After touting estate tax, Bill and Hillary Clinton seize on loopholes
Estate tax champions Bill and Hillary Clinton are doing just about everything in their power to stave off hefty estate taxes on their own personal fortune, according to Bloomberg News.
The report out Tuesday shows that the two heads of the political dynasty have been seizing on legal but slippery loopholes to minimize taxes on inherited wealth - maneuvers not atypical of multimillionaires but which will inevitably drum up cries of hypocrisy based on the Clintons' active support for the estate tax in the past.
Bloomberg cites county property records that show the Clintons divided ownership of their New York home into separate 50 percent shares, then placed those shares into trusts. The moves ensure that any growth in the house's value will occur outside their estate and that they can claim a discounted value for the home, which could save the Clintons hundreds of thousands in estate tax avoidance.
"The goal is really be thoughtful and try to build up the nontaxable estate, and that's really what this is," David Scott Sloan, a partner at Holland & Knight LLP in Boston, explained to Bloomberg. "You're creating things that are going to be on the nontaxable side of the balance sheet when they die."

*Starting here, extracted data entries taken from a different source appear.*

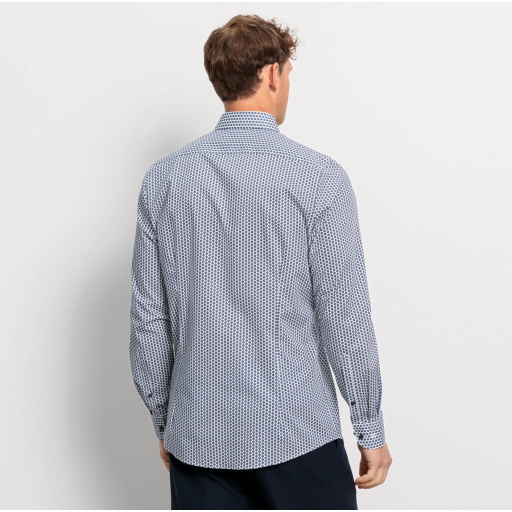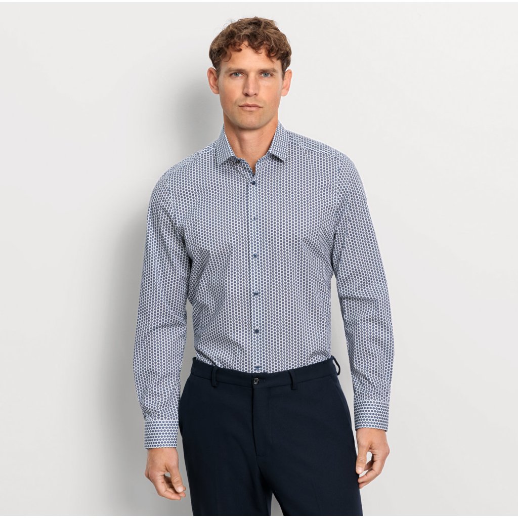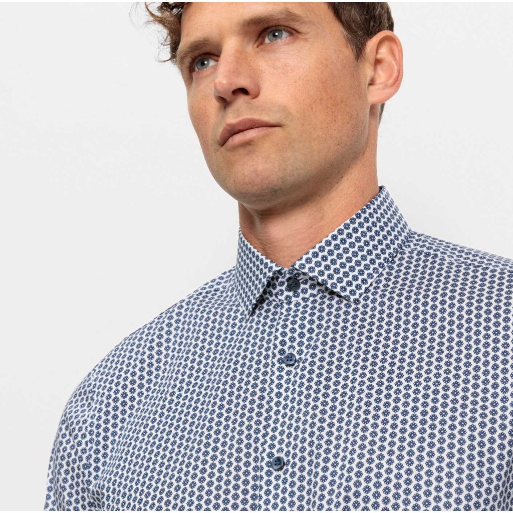 Moderná pánska košeľa so vzorom vhodná do kancelárie aj na voľný čas. Vysokokvalitná rotačná sieťotlač na klasickej bielej farbe - prichádza štýlová biznis košeľa pre športovo založeného štíhleho muža. Náš mužný strih na telo sa stretáva s pohodlnou tkaninou Comfort Stretch, spracovanou ako jemný bavlnený popelín s hladkým omakom. S kontrastnými gombíkmi a moderným golierom Kent.
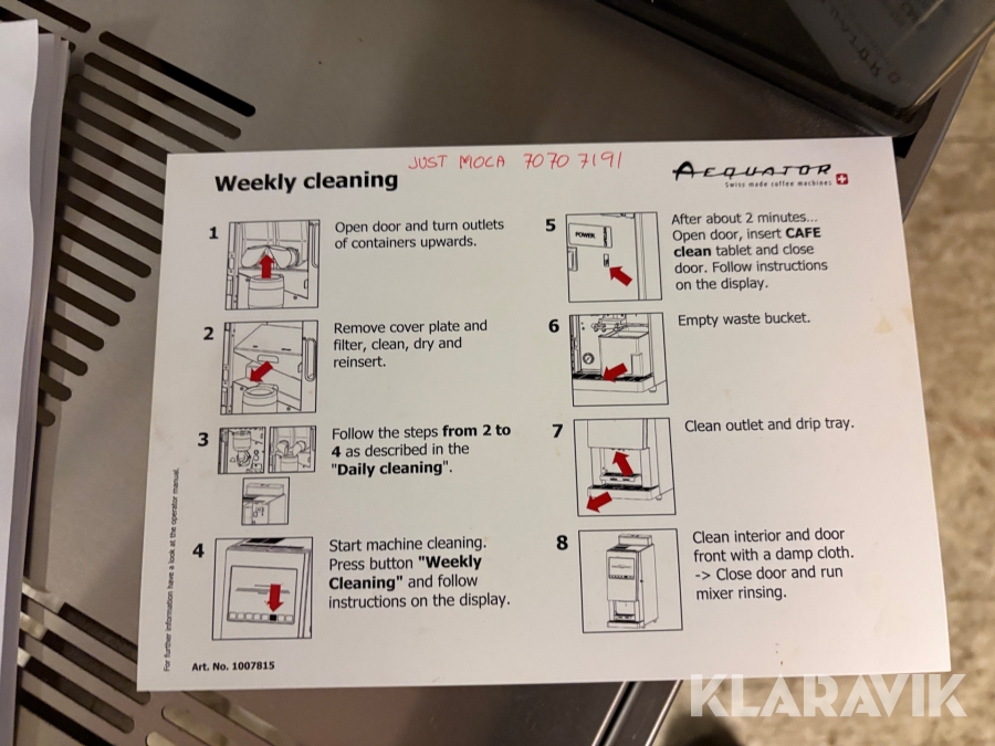 Som køber skal du kontrollere objektet ved afhentning Herefter kan der ikke gøres indvendinger. Hvis objektet adskiller sig væsentligt fra beskrivelsen, skal Klaravik kontaktes inden objektet fragtes (bemærk, at der gælder særskilte vilkår for konkursauktioner). Alle objekt findes hos den sælgende virksomhed, og du som køber har ansvar for afhentning og fragt. Som køber har du 12 dage til at afhente objektet, efter auktionen er afsluttet.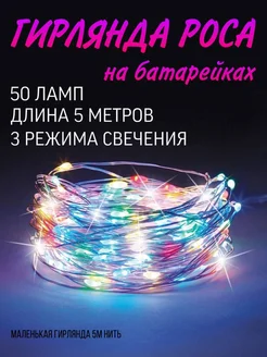 Гирлянда роса нить на батарейках 5м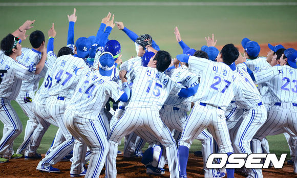 경기종료후 3년연속 통합우승을 이룬 삼성 선수들이 우승 세레모니를 하고 있다. / jpnews@osen.co.kr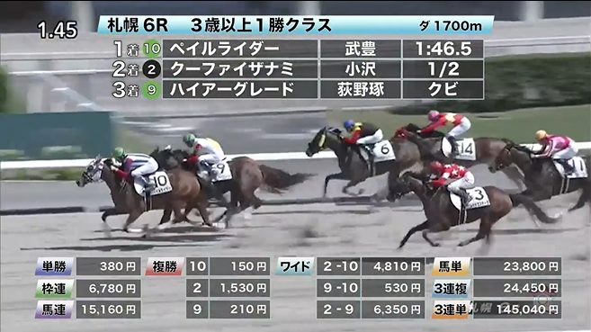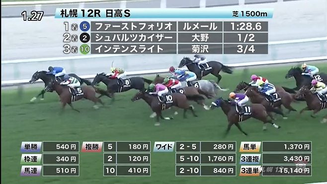 | 9/4 札幌 | 12R | 5R | 41.7% |

Bill Clinton supported the estate tax during his eight-year tenure in the Oval Office; Hillary Clinton during her 2008 White House bid advocated making the wealthiest Americans pay more estate tax by capping the per-person exemption at $3.5 million and setting the top rate at 45 percent. Without the estate tax, she said during a 2007 appearance with billionaire Warren Buffet, the United States could devolve into a nation that's "dominated by inherited wealth."

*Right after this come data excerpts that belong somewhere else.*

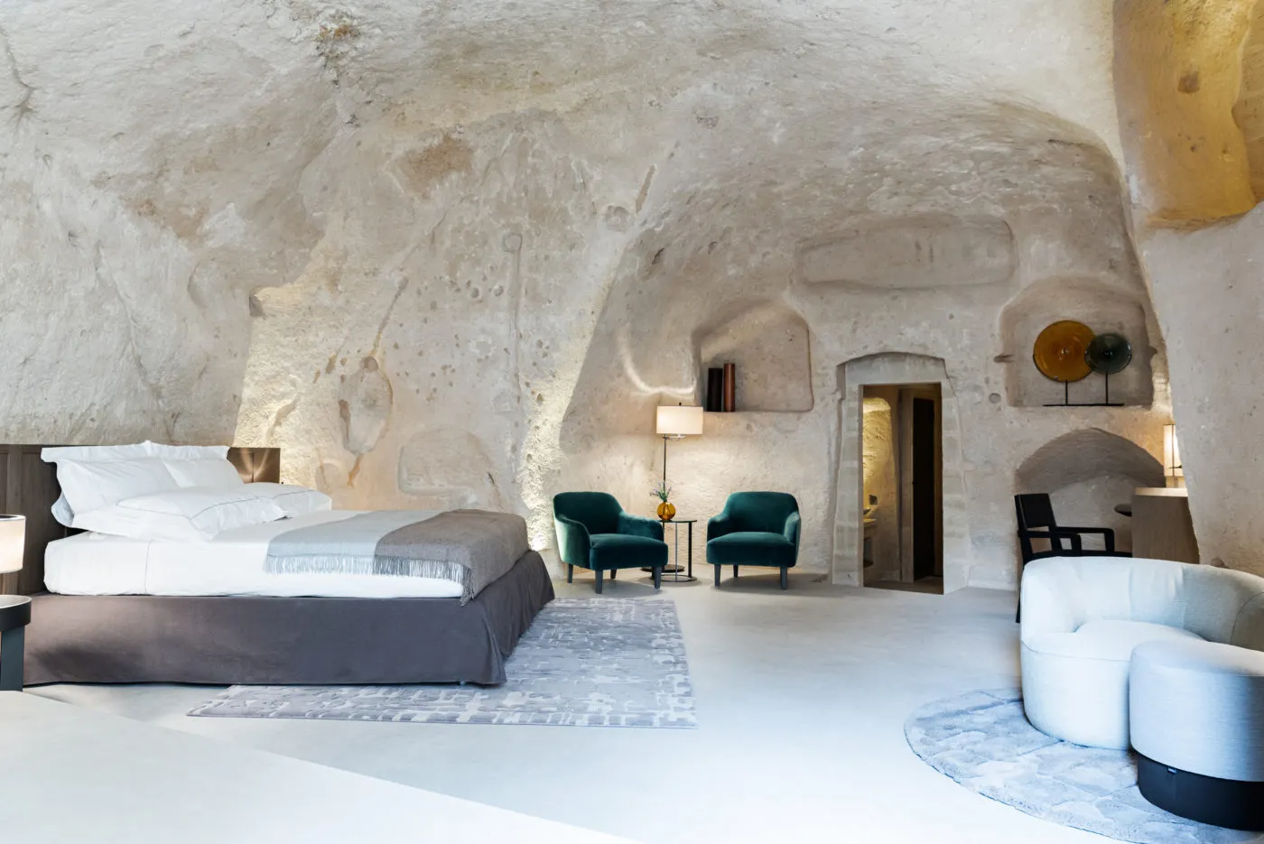 O curioso é que nada ali parece forçado. Pelo contrário. O Vetera respeita cada camada do passado e entrega uma experiência genuína. As paredes continuam ásperas. Os nichos escavados continuam visíveis. Mas agora abrigam luminárias suaves, móveis de design italiano e, em alguns quartos, piscinas internas privativas, daquelas em que a água parece tocar a própria rocha. A atmosfera é íntima, quase silenciosa. E, a essa altura, difícil não se perguntar como a cidade foi esquecida por tanto tempo!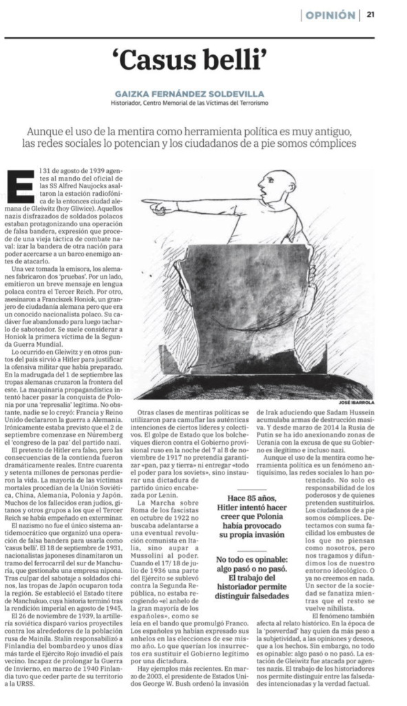 El fenómeno también afecta al relato histórico. En la época de la “posverdad” hay quien da más peso a la subjetividad, a las opiniones y deseos, que a los hechos. Sin embargo, no todo es opinable: algo pasó o no pasó. La estación de Gleiwitz fue atacada por agentes nazis. El trabajo de los historiadores nos permite distinguir entre las falsedades intencionadas y la verdad factual.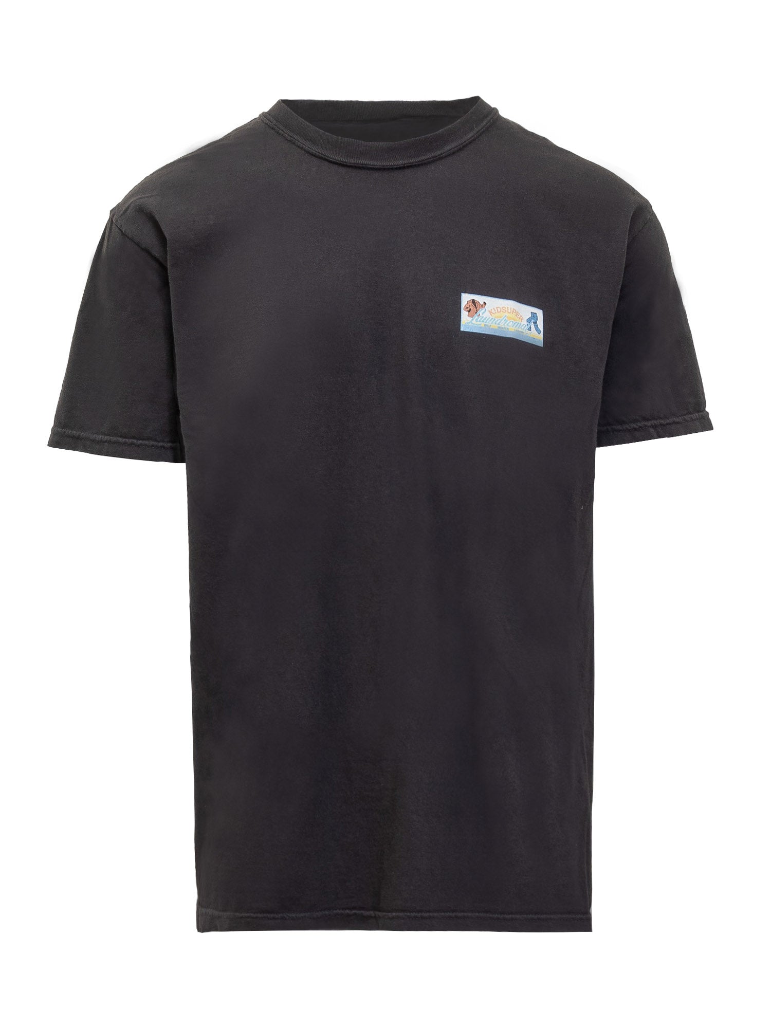 Short-sleeved T-shirt. Crew neck. Ribbed hems. Laundromat logo print on front and back.

As the early frontrunner for the 2016 Democratic presidential nomination, Hillary Clinton stands to hurt the most from the newfound disconnect. In 2012, similar criticisms dogged Republican nominee Mitt Romney after reports surfaced suggesting his fortune was housed in offshore bank accounts in Bermuda, the Cayman Islands and Switzerland.
The Bloomberg report also happens to come on the heels of another wealth-related headache for the former secretary of state.

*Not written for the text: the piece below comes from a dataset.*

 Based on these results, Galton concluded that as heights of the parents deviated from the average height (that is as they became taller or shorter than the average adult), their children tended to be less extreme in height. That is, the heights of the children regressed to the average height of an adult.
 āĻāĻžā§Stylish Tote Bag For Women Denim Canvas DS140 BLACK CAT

Accidentally casting herself as out-of-touch with the real struggles of working- and middle-class Americans, Hillary Clinton said during a recent interview that she and her husband were "dead broke" after he vacated the presidency in 2001. Republicans had a field day with the quote, trumpeting her notoriously high speaking fees, multimillion dollar book advances and her family's multiple homes.